I’ve consulted to multiple Fortune 100 CEOs who have actually broken down in tears as they’ve recounted selling their companies’ few productive assets in order to show growth to shareholders. They are tired of cannibalizing their own businesses, laying off loyal employees, and making their companies less enduring just to satisfy the demands of short-term growth imposed by the market.

This is where economic policy comes in. The current economic operating system is programmed to encourage growth and discourage distributed prosperity. One major reason shareholders are incentivized to destroy a business en route to increasing its share price, rather than just accepting a dividend, is that capital gains are taxed at less than half of what earnings are taxed at. That encourages extraction over transaction.

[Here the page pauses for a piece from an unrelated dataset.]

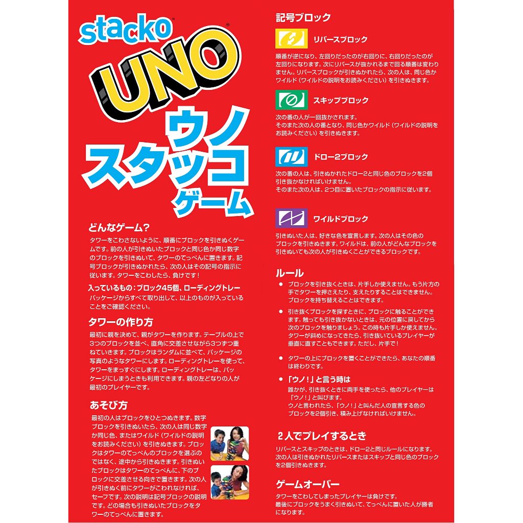 Mattel Game UNO Stacko Balance Game, for 2 to 10 players, Ages 7+, 43535, Japan Toy

More than two-thirds of the income of the top 0.1 percent comes from passive gains, not value creation.

So, if the economy is to be tilted less toward accumulation and the storage of capital, and more toward increasing the velocity of money as it travels between people and businesses, the tax code is a good place to start making revisions. This would mean rewarding revenue, earnings, and even payroll with lower tax rates, while discouraging capital gains with higher ones. Imagine if companies were busy trying to figure out how to avoid taxes by doing business, instead of by selling assets, laying off employees, or hiding earnings overseas.

That is just one example—there are plenty of other ways that the American economy currently prioritizes growth. Banking policy offers few rewards for banks that facilitate local reinvestment rather than lending and then extracting working capital, and it leaves little room for local and complementary currencies. At the moment, the largest companies are the ones that are rewarded with better interest rates, access to lawmakers, and other advantages of scale, but instead rules could be put in place to encourage businesses to learn to succeed in the lowest possible weight class, instead of striving to monopolize a single market. These are the sorts of things that could be changed so that prosperity could be more evenly distributed—and so that big business could be rescued from the cross of growth.